Can you copy out the data exactly? Leave the images out.

### Data shown
○ ○ ○ ○
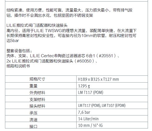内容:外壳、6 合 1 滤芯、支架、2 个 LILIE 按压连接阀适配器和快插接头、包装盒和说明书
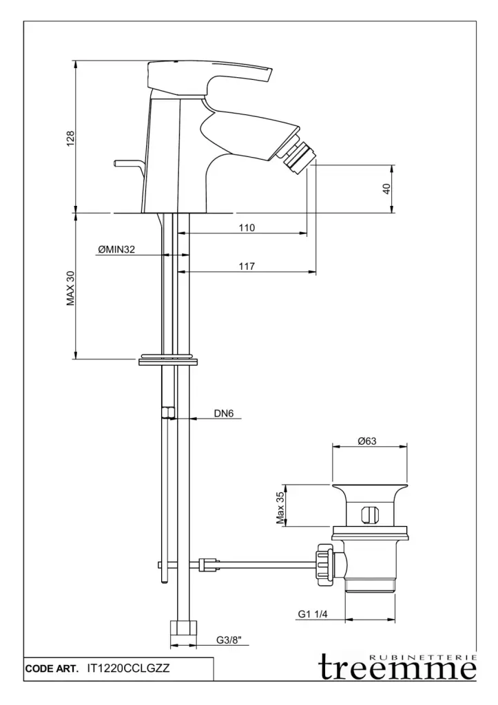 Treemme Logic Смеситель для биде, с донным клапаном, цвет: chrome IT1220CCLGZZ
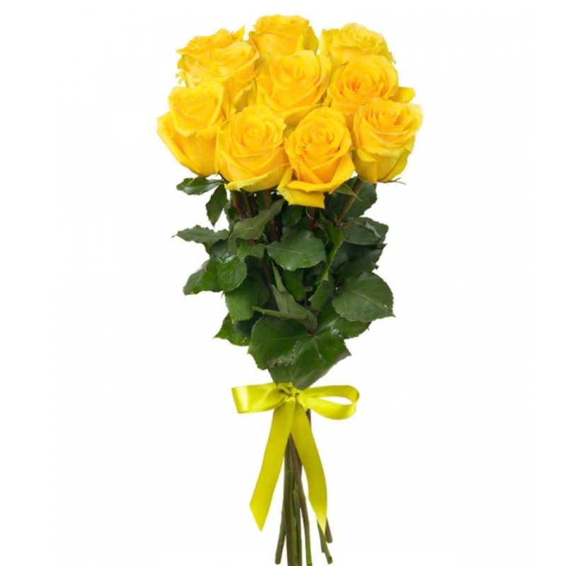 Букет состоит из 9 желтых роз, прозрачная упаковка, атласная лента.
○ ○ ○ ○
### Response to this task
内容:外壳、6 合 1 滤芯、支架、2 个 LILIE 按压连接阀适配器和快插接头、包装盒和说明书
 Treemme Logic Смеситель для биде, с донным клапаном, цвет: chrome IT1220CCLGZZ
 Букет состоит из 9 желтых роз, прозрачная упаковка, атласная лента.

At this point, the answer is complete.